Washington’s two touchdown drives were from 33 and 47 yards out, after back-to-back turnovers in the third quarter. The ‘Skins also had field goal drives of 19 and 23 yards. They only had two total drives go more than 50 yards, which ended in a field goal and an interception.
So they weren’t put in much of a position to succeed all game. And while the defense was about as resistant as a wet paper towel to Alfred Morris’s ground game on one TD drive, holding the ‘Skins to three field goals and under 300 total yards is nothing to hang their heads about. Orlando Scandrick had a big day that included a crucial pass deflection to get the ball back in Romo’s hands for the game-winning drive. Scandrick’s lockdown coverage of Pierre Garçon late in the game was a huge change for Dallas.

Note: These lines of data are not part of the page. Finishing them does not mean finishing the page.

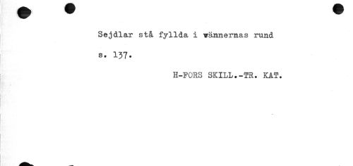 //// Sejdlar stå fyllda i vännernas rund s. 137. //// H-FORS SKILL.-TR. KAT. ////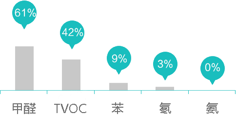 根据我们几年现场检测的数据来看,各项参数的超标率如下:甲醛61%、TVOC 42%、苯9%、氡3%、氨0%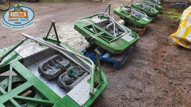 Auch die besonders aufwändige Jahreswartung unserer Fahranlagen stehen jetzt im Mittelpunkt. Ganz oben auf der Liste ist die Achterbahn, weil wir diese zu den Märchennächten Ende Januar schon wieder fahrbereit auf der Schiene haben müssen. Dabei ist dieses Jahr eine Sonderprüfung notwendig, im deren Rahmen ein Teil der Fahrzeuge komplett zerlegt werden muss.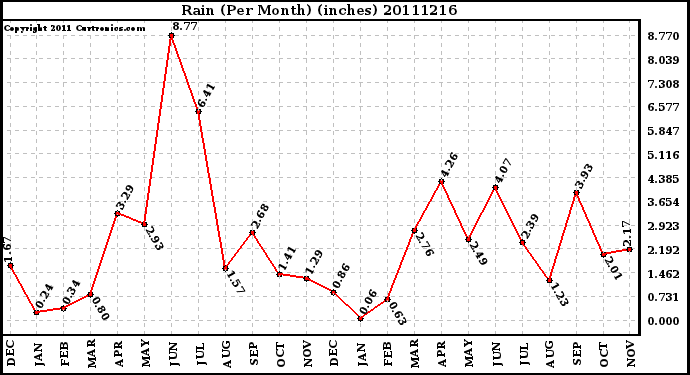 Milwaukee Weather -- 20111216 Rain (Per Month) (inches) -- From curtronics.com by Curt Blank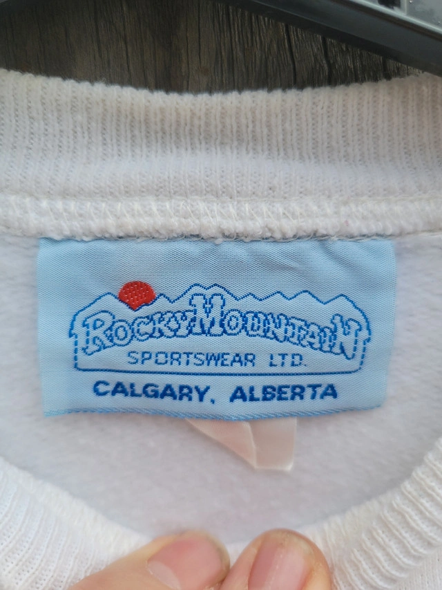 This classic sweatshirt made by Rocky Mountain Sportswear of Calgary AB has colorful and vibrant graphics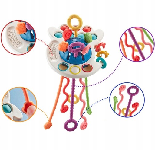 Маленькі діти можуть зміцнити м’язи рук, сенсорику, дрібну моторику та координацію рук і очей, тягнучи та торкаючись сенсорних іграшок.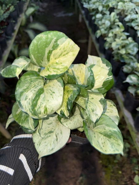 Đặc điểm: Lá xanh phối trắng tinh tế, form rủ mềm mại, thân leo khỏe, cây nhỏ gọn, tạo điểm nhấn sang trọng và gần gũi cho không gian nội thất.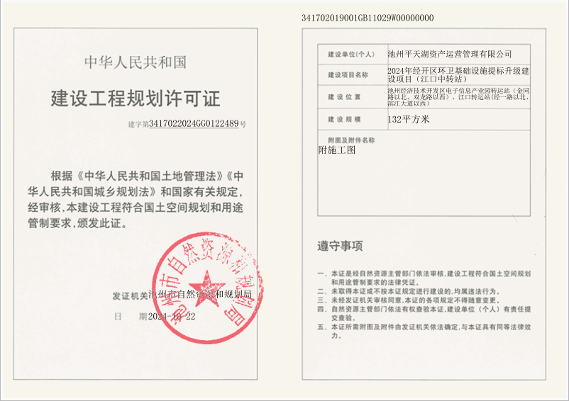 2024年经开区环卫基础设施提标升级建设项目(江口中转站)《建设工程规划许可证》批后公布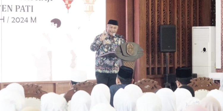 Pada kesempatan tersebut, Pj Bupati Henggar didampingi oleh Kepala Kantor Kementerian Agama Kabupaten Pati, Ali Arifin, dan para pejabat Forkopimda Kabupaten Pati.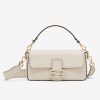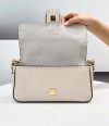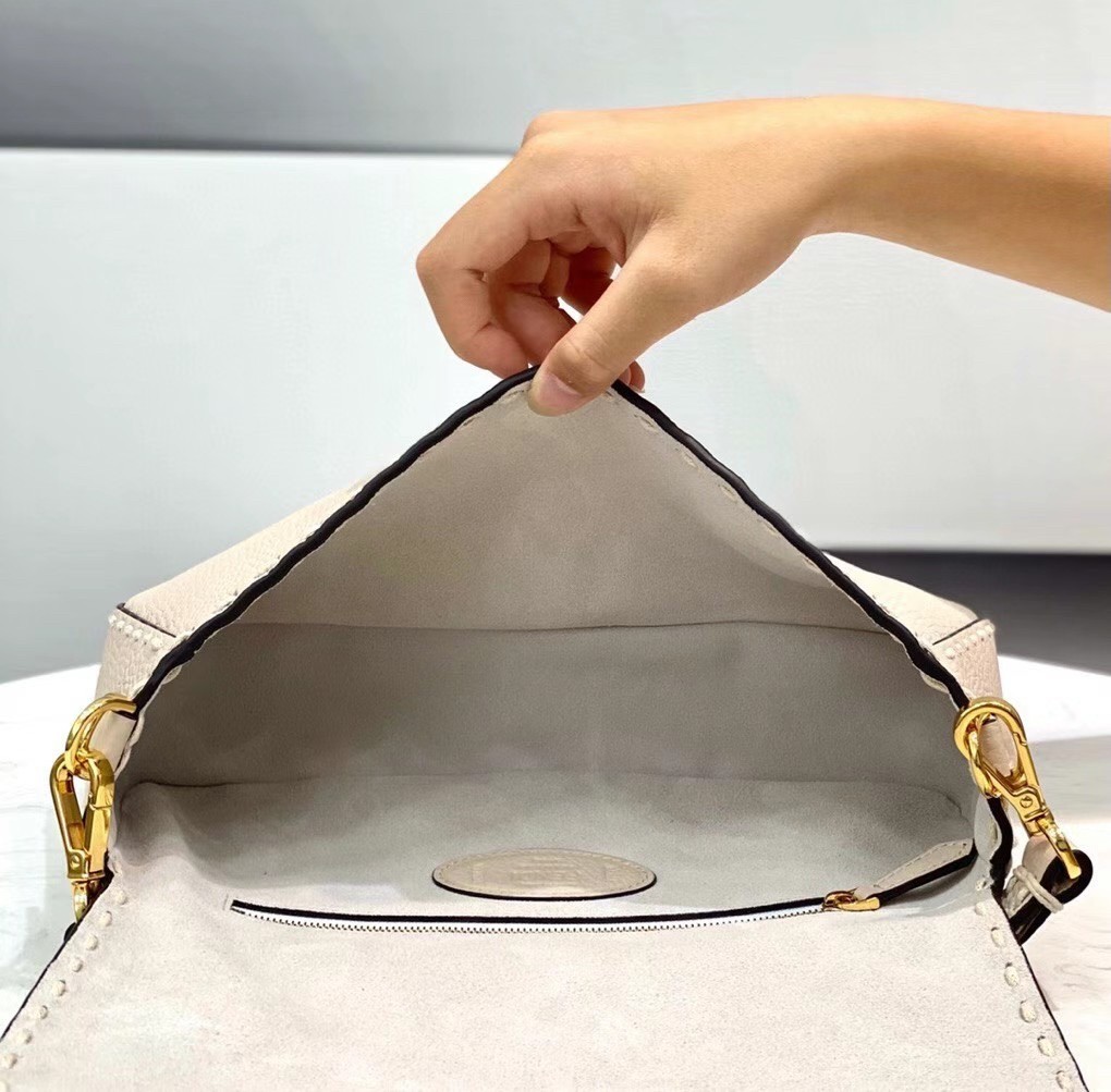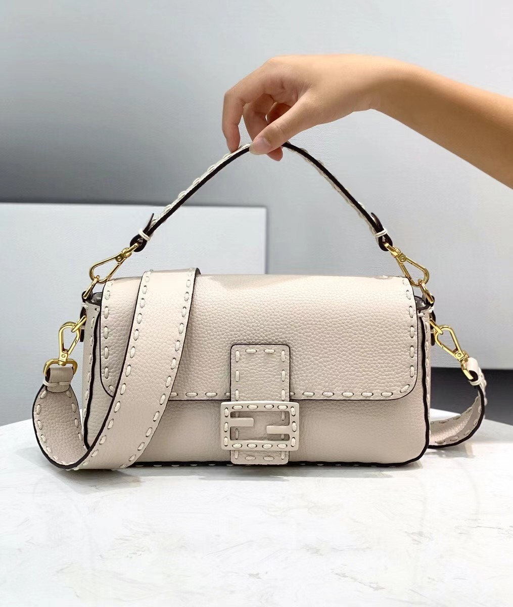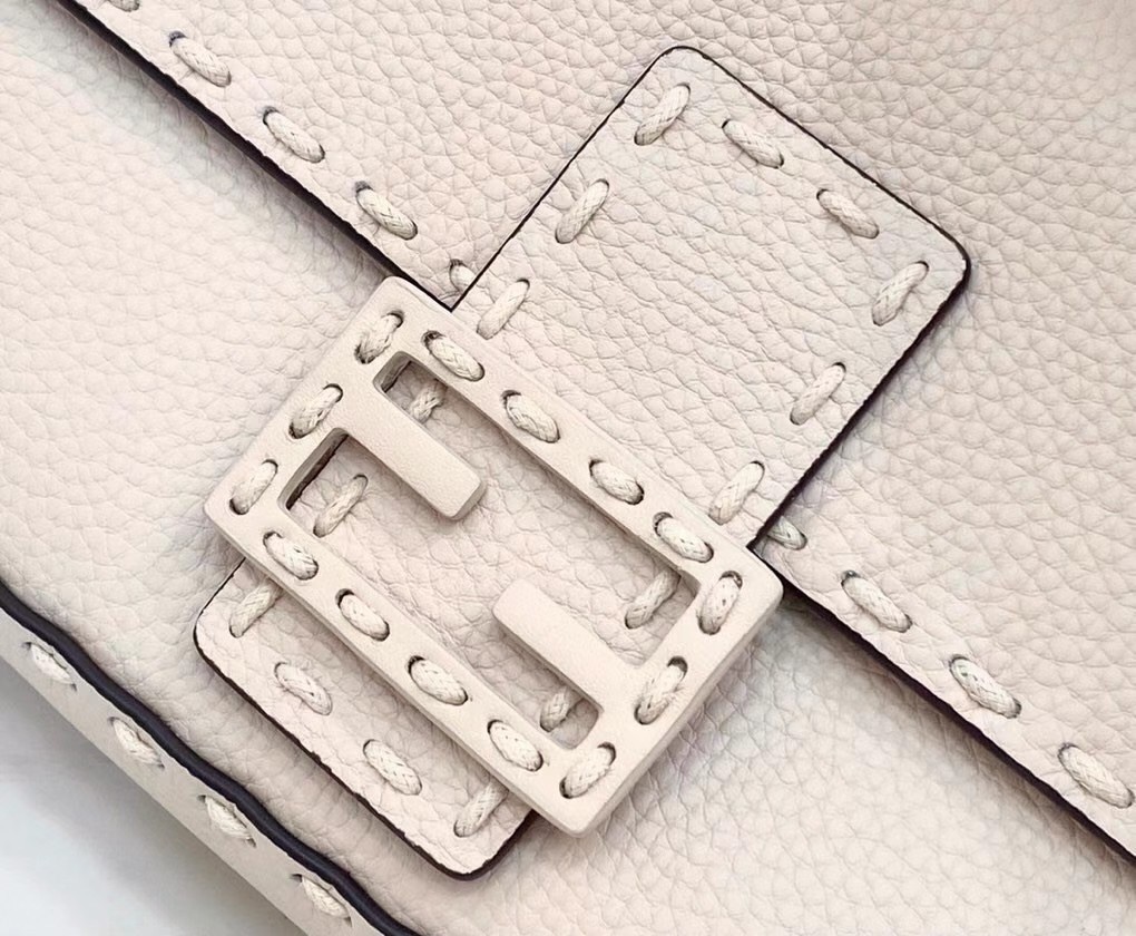 Iconic medium Baguette bag, made of camellia-colour full grain leather with macro hand stitching and decorated with an FF clasp. Featuring a front flap, magnetic clasp, internal compartment with zip pocket and gold-finish metalware. The bag can be carried by hand, or worn either on the shoulder or cross-body thanks to the handle and shoulder strap, both detachable.

In French, “garcon” means boy, but Pierre Garçon looked like a man among ‘Boys (get it?) on Sunday. I’m actually not entirely sure if it was an especially good game for Garçon, or if it was an especially bad game for Brandon Carr. Garçon shredded Carr all day and finished with 11 catches for 144 yards and a touchdown. No disrespect to Garçon, but he probably shouldn’t be made to look like an MVP.
And at six feet tall, he doesn’t even qualify for the all-tall-receivers-will-succeed-against-the-Cowboys category, like Oakland’s 6-foot-4 Andre Holmes did (7 grabs for 136 yards on Thanksgiving). The aforementioned switch of Scandrick onto Garçon was the only thing that slowed down the Redskins’ leading receiver.
For instance, if you asked me – or anyone who watches sports – who would have a standout game between Dez Bryant and Pierre Garçon, the answer probably would’ve been the former. But Dez hauled in only four passes on 11 targets. One of those catches was a leaping touchdown grab, so one can’t say Bryant played a bad game… But I have an inkling he’ll need to be a bigger factor in week 17.
It’s difficult to be optimistic when Tony Romo is 0-3 in do-or-die week 17 games. And because the Cowboys seem to be destined for .500, and stand at 8-7 after the penultimate game of 2013.
And the fact that the Eagles obliterated the Chicago Bears to the tune of 54-11 on Sunday night is cause for some concern. I probably don’t need to, but I’ll remind you here that the Bears put up almost 500 yards and smoked the Cowboys 45-28 on Monday Night Football a couple weeks back…
The Philly offense looks great, but it also looked great before the first meeting between the two teams in week 7, and the ‘Boys shut it down. Dallas is pretty much the only team that has shut down Nick Foles this season. The Eagles were averaging 30 points per game entering week 7, and Foles was near perfect in his two starts. But the ‘Boys held Philly to three points and Foles got benched.
Philadelphia’s defense is also dreadful, and if Bill Callahan can remember that DeMarco Murray exists, the Cowboy offense will be better than the one that beat Philly earlier this year.
If nothing else, we’ll see a lot of points next Sunday night.